The Sydney Morning Herald frequently wrote that Australia’s drought was a cause of depression. We’ve had a little rain lately, yet the SMH reports continuing sadness:

Sydney’s run of rainy days in a row – 11 – is the most in April for 77 years …

NSW Bureau of Meteorology climate estimation officer Mike De Salis said the rain was getting people down.

Not the people mentioned in those earlier articles, you’d assume. One fellow who must be feeling blue, however: rainmaker Tim Flannery, who in 2005 foretold of Sydney’s dams running dry by last year. Flannery is currently cooling his heels in Canadian snow, possibly to prepare for global coldening:

Sunspot activity has not resumed up after hitting an 11-year low in March last year, raising fears that – far from warming – the globe is about to return to an Ice Age.

Astronaut and geophysicist Phil Chapman, the first Australian to become an astronaut with NASA, said pictures from the US Solar and Heliospheric Observatory showed no spots on the sun.

He said the world cooled quickly between January last year and January this year, by about 0.7C.

Hmmm … this happened during the year Al Gore organised the Live Earth warmy concerts, was awarded the Nobel Prize, and his Styrofoam movie won an Oscar. Global Gore Effect!

“This is the fastest temperature change in the instrumental record, and it puts us back to where we were in 1930,” Dr Chapman writes in The Australian today.

“If the temperature does not soon recover, we will have to conclude that global warming is over.”

A few people have argued that it was never a big deal to begin with. Meanwhile, Lubos Motl notes an encouraging trend in Amazon’s climatology book sales:

1. Roy Spencer, realist (#116)
2. Bjorn Lomborg, realist (#959)
3. Fred Singer, realist (#1324)
4. Brian Fagan, neutral (#6156), a book about the little ice age
5. James Lovelock, Gaia priest (#8706)
6. Wallace Broeckner, alarmist (#9202)
7. Mark Lynas, alarmist loon (#10308)
8. Patrick Michaels, realist (#12027)
9. Tim Flannery, alarmist loon (#16135)
10. Henrik Svensmark, realist (#16309)
11. Dennis Avery and Fred Singer, realists (#19266)

Climate scepticism is positively raining down:

China’s plans to force Mother Nature’s hand with “cloud seeding” and keep rains at bay during the start of the Olympic Games this August may be all wet, one scientist said today.

“I’m very skeptical about what they claim they can do,” said Roelof Bruintjes, the lead researcher for U.S. National Center for Atmospheric Research …

(Via Peter N., Chris P., Arnaud, and Gaia Her Bitchin’ Self)

UPDATE. Further brilliant enviro news: mud crabs – delicious mud crabs – are back.

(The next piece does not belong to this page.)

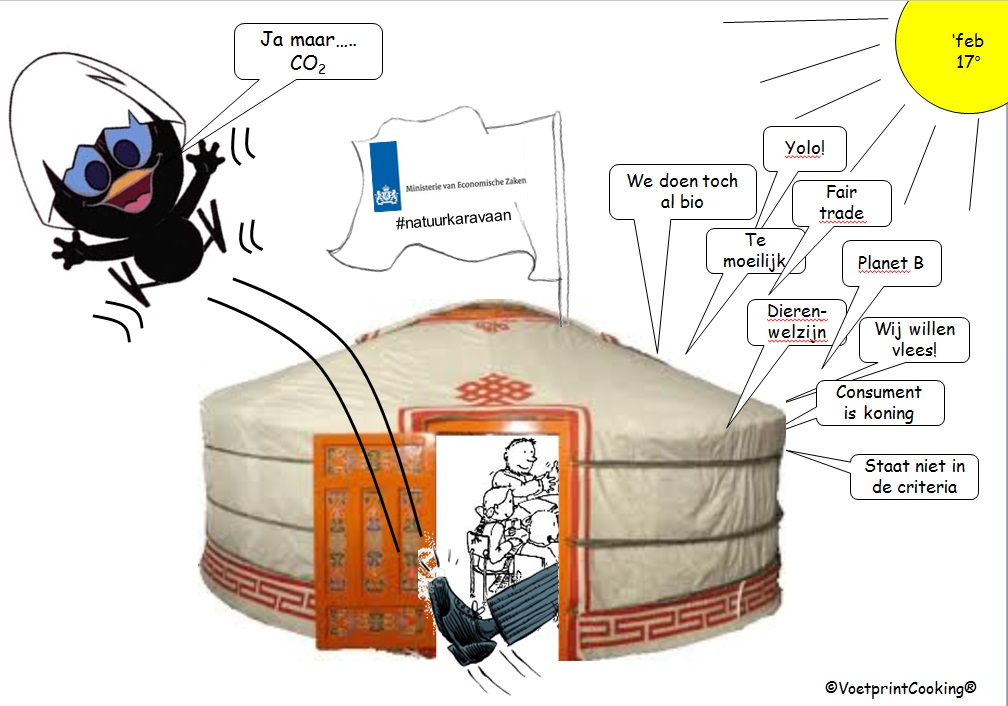 VoetprintCooking® praat mee in een Mongoolse Yurt op uitnodiging van ministerie van EZ in het kader van de Natuurkaravaan: thema op 7 maart Natuur&Consumeren. De uitkomsten gaan naar de staatssecretaris. Aan mij de taak om de ecologische voetafdruk van ons voedsel te benadrukken!

Everybody loves mud crabs. They’re like Prozac in a shell.

Posted by Tim B. on 04/23/2008 at 01:42 PM
    1. Incidentally, while browsing in one of the local bookstores, I noted that Flannery’s book had found a place on the closeout shelf, selling for the princely sum of $2.00.  I even got a picture, although I don’t have it here right now…

      Posted by Vexorg on 2008 04 23 at 02:20 PM • permalink

 

    1. I wonder what the carbon footprint of just the styrofoam scene was?

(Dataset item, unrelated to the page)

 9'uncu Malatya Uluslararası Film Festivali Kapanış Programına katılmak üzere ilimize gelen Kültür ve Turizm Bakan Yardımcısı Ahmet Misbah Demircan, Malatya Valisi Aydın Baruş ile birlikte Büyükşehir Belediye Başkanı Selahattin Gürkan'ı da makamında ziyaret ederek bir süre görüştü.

      At least they recycled.

      Posted by aaron_ on 2008 04 23 at 02:57 PM • permalink

 

    1. Okay, yeah, maybe we are going back into an Ice Age.  And maybe the global warming thing isn’t all established and settled.

      But that’s no reason we can’t at least do something to help.  Like transferring all manufacturing and 50% of the US’s GDP to China, India, and the Asian Tigers.

      Posted by wronwright on 2008 04 23 at 03:37 PM • permalink

 

    1. Hmmmmm.

      About that drought.  Couldn’t you Aussies build some nuclear powered desalination plants?  Or how about grabbing all of those huge ice floes floating around down there?

      Posted by memomachine on 2008 04 23 at 03:46 PM • permalink

 

    1. #4: No good.  Turns out they’re all styrofoam.

      Posted by Celaeno on 2008 04 23 at 03:54 PM • permalink

 

    1. I wouldn’t get too excited about “the new ice age” forecasts.  Towards the end of his opinion piece in The Australian yesterday, he ended up getting just as over the top as the global warmening catastrophists.

      Posted by entropy on 2008 04 23 at 05:02 PM • permalink

 

    1. #6.

      That’s cool (hey what a pun)  Shrill alarmists
      will show the public that both sides are loony.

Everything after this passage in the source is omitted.